I have read a bit about second order arithmetic and increasing
complexity, and how some sets of numbers are uncomputable (e.g. the
set of numbers corresponding to Chaitin's constant). Does the notion
of an uncomputable set extend any higher, i.e. to sets of sets of
numbers (third order arithmetic)?

On Aug 6, 11:08 pm, djr...@bath.ac.uk wrote:

Actually, I guess I mean "complexity" rather than "uncomputability".
No computer program can rattle off one by one the elements of an
uncountable set!

[Also, "number" means "natural number", naturally.]

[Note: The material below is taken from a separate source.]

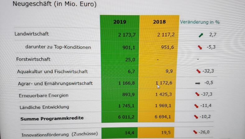 In der Fördersparte „Landwirtschaft“ stieg das Neugeschäft dagegen an. Hier finanziert die Rentenbank vor allem klassische landwirtschaftliche Investitionen wie Maschinen, Flächenkäufe, Stallbauten und Betriebsmittel. Dafür stellte die Förderbank 2,2 Mrd. Euro (2,1 Mrd. Euro) bereit. Geflügelställe zum Beispiel wurden verstärkt gebaut, dafür aber weniger Schweineställe. Die Zahl der geförderten Rinderställe blieb auf dem Niveau des Vorjahres. Mit ihrer Fördersparte „Agrar- und Ernährungswirtschaft“ richtet sich die Rentenbank an Betriebe, die der Landwirtschaft vor- oder nachgelagert sind. Hier blieb das Förderneugeschäft stabil und lag 2019 bei 1,2 Mrd. Euro.

On 7 août, 00:08, djr...@bath.ac.uk wrote:

Computable means: there is an algorithm (a Turing machine) to compute
it. For instance, le real number pi is computable because there is an
algorithm that 'lists' all its digits. It will never stops but we can
go on until we reach any desired precision. Most reals are not
computable in this sense however since the set of Turing machines is
countable.

Baudouin

On 6 Aug, 23:08, djr...@bath.ac.uk wrote:

You might be interested in this article, which I have googled anyway:

http://plato.stanford.edu/entries/logic-higher-order/#4

"We have seen that, although the set V¹ of valid formulas of first-
order logic is computably enumerable, the corresponding set V² for
second-order logic (with the standard semantics) is vastly more
complex.   This phenomenon does not continue into the higher orders."

-LV